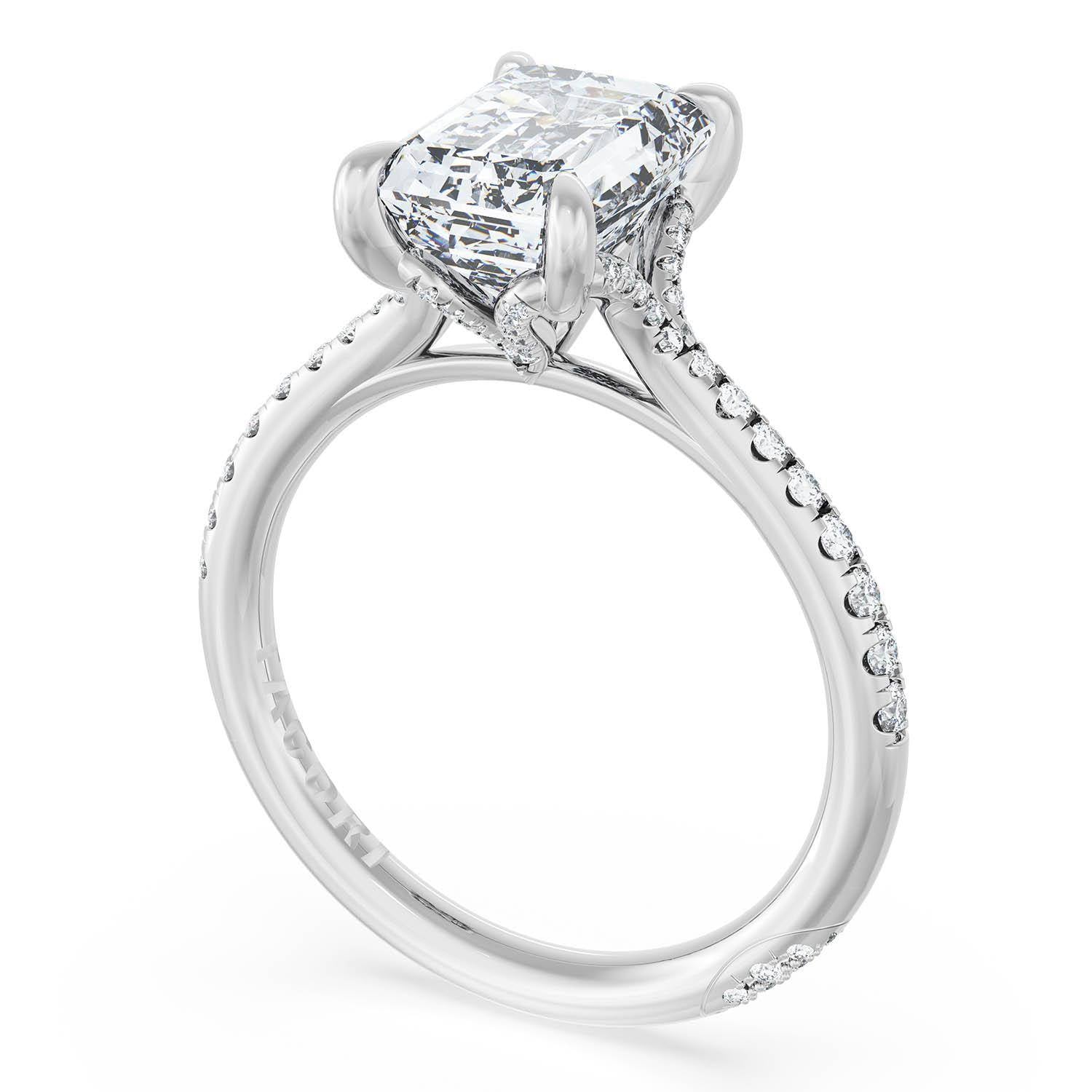 An Emerald Solitaire is set into a unique corset-inspired crown on a Platinum foundation. Pavé-set diamonds decorate the ceiling and a diamond-studded Founder's Crescent marks the resting point.
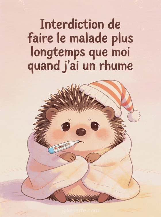 Envoyez cette carte de bon rétablissement humoristique avec un hérisson boudeur et son thermomÚtre. Variez les plaisirs avec un rétablissement rigolo, un message humour femme ou un texte drÎle de rétablissement.
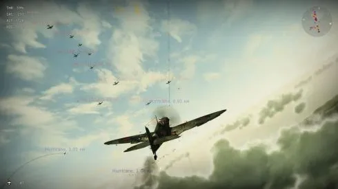 А сражение — это что-то крайне эпичное. Например, нам надо встретить армаду вражеских бомбардировщиков. Их около полусотни летит, и лично нашему звену (сам игрок и несколько пилотов под его командованием) приказано уничтожить где-то пятнадцать. Плюс противника прикрывает дюжина истребителей. В итоге в воздухе творится настоящая мясорубка, все друг за другом гоняются, вдалеке постоянно виднеется пулеметный огонь, парашютисты медленно опускаются вниз, обломки горят на земле. Красиво, эпично, атмосферно.
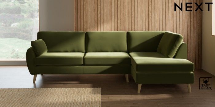 7.3.1 Buy Wilson Large Corner Chaise - Right Hand Plush Velvet Easy Clean Mid Olive Green Retro Tapered - Light from the Next UK online shop
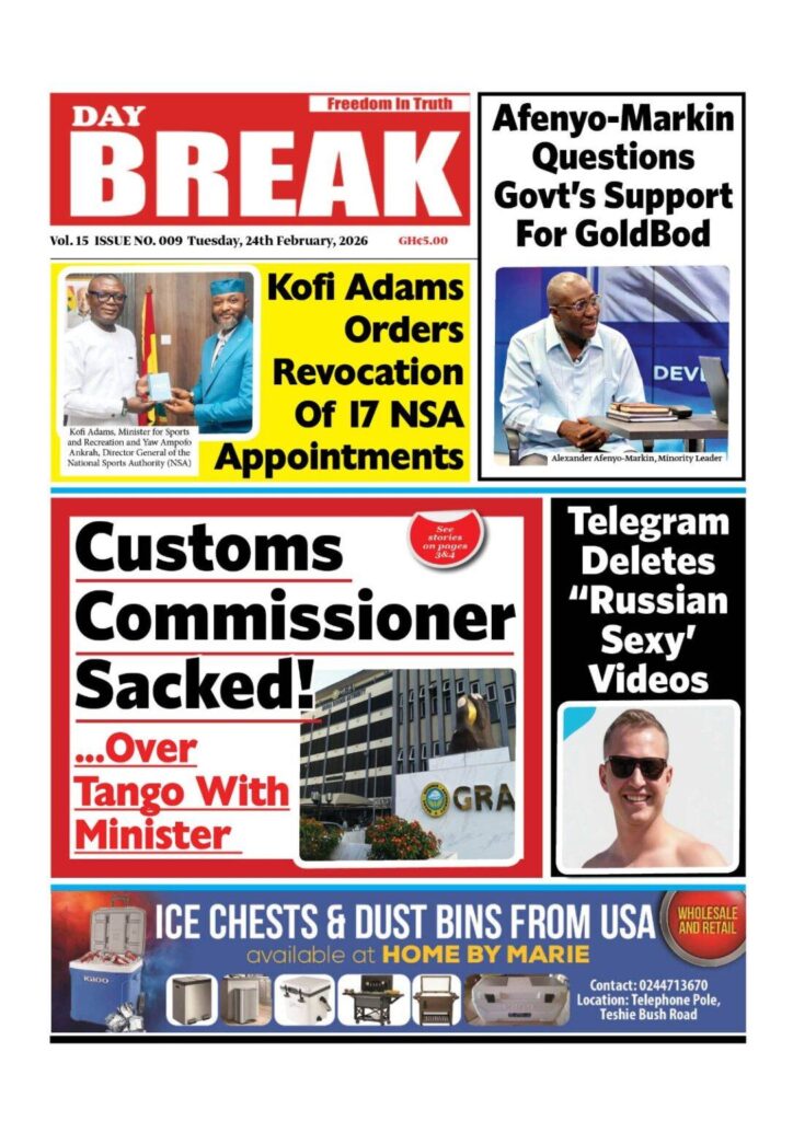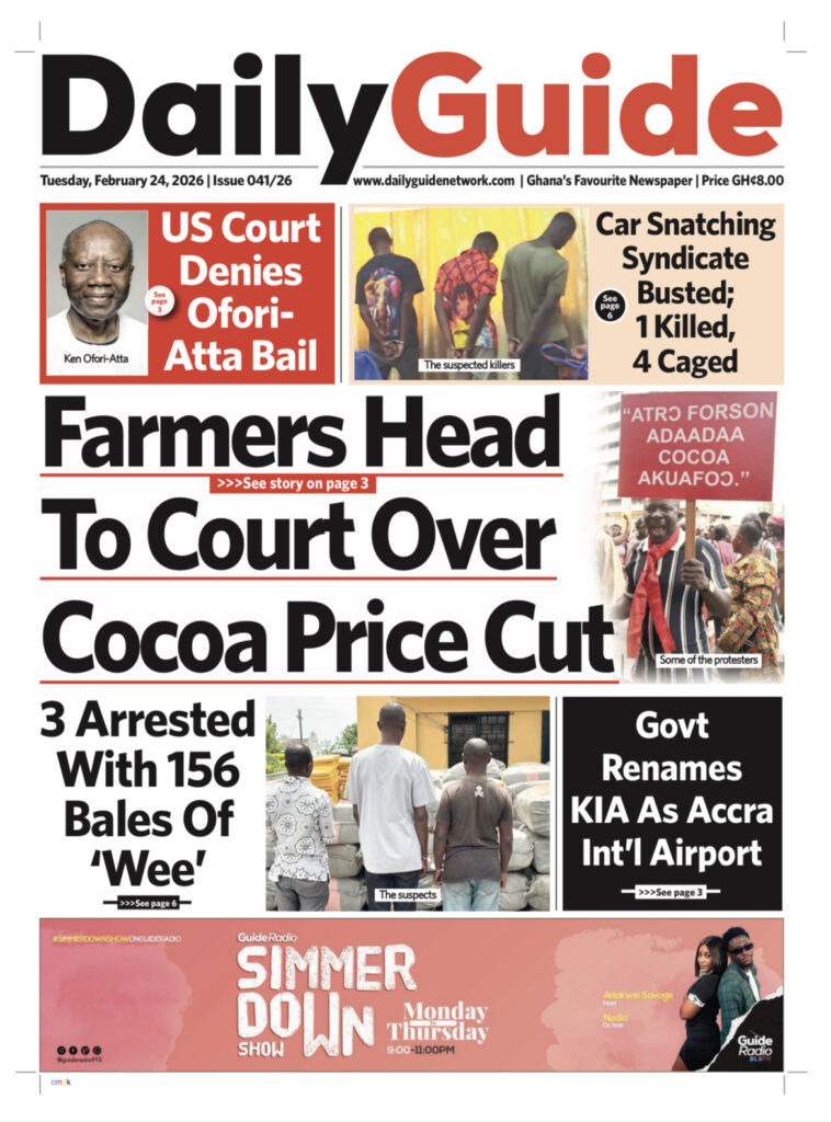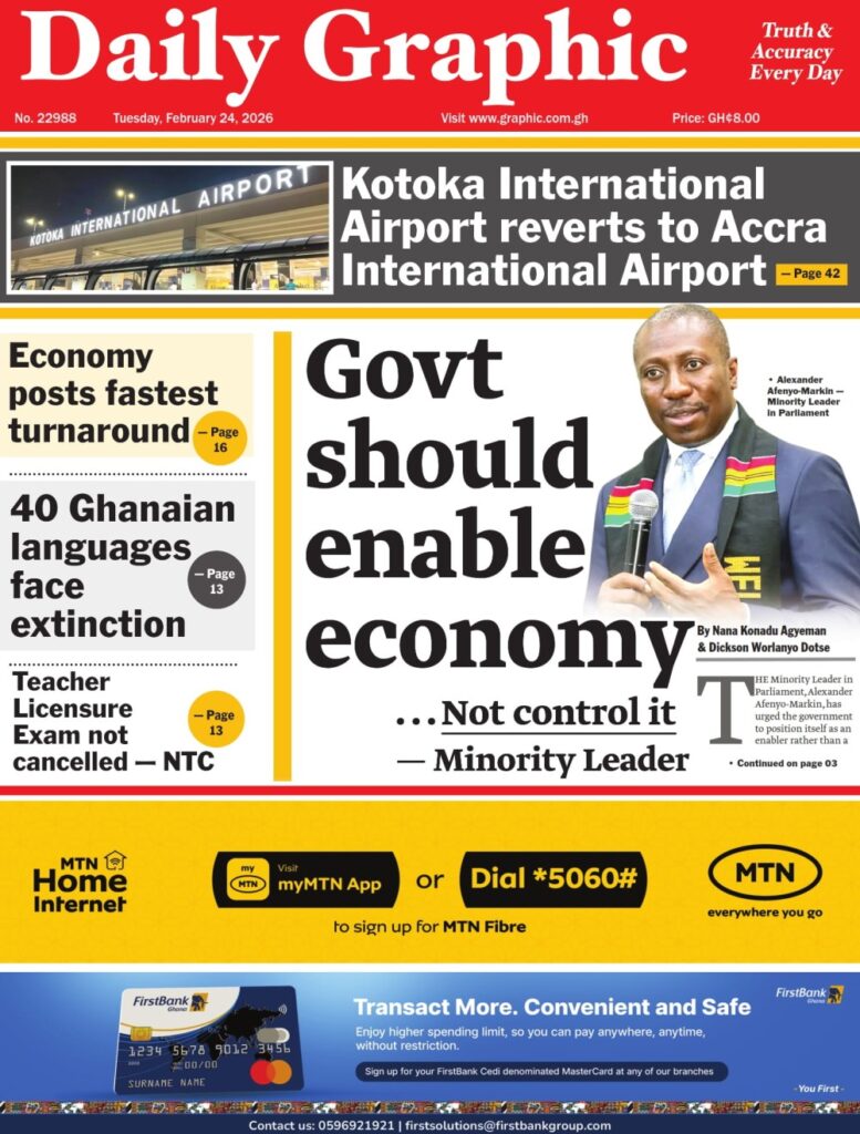 Home/General News/Newspaper Front Page Tuesday, February 24, 2026 General News Newspaper Front Page Tuesday, February 24, 2026 Eddie Kesse2 hours ago 50 Less than a minute Daily Graphic TagsFront Pages Newspaper Eddie Kesse2 hours ago 50 Less than a minute Share Facebook X WhatsApp Telegram

━━━━━━━━━━━━━━━━

### PROMPT:
Beginning at the line with "7.3.1 Buy Wilson", reproduce word for word each line through the last line of the records. Include both ends but no pictures.

### OUTPUT BELOW:
 7.3.1 Buy Wilson Large Corner Chaise - Right Hand Plush Velvet Easy Clean Mid Olive Green Retro Tapered - Light from the Next UK online shop
 Home/General News/Newspaper Front Page Tuesday, February 24, 2026 General News Newspaper Front Page Tuesday, February 24, 2026 Eddie Kesse2 hours ago 50 Less than a minute Daily Graphic TagsFront Pages Newspaper Eddie Kesse2 hours ago 50 Less than a minute Share Facebook X WhatsApp Telegram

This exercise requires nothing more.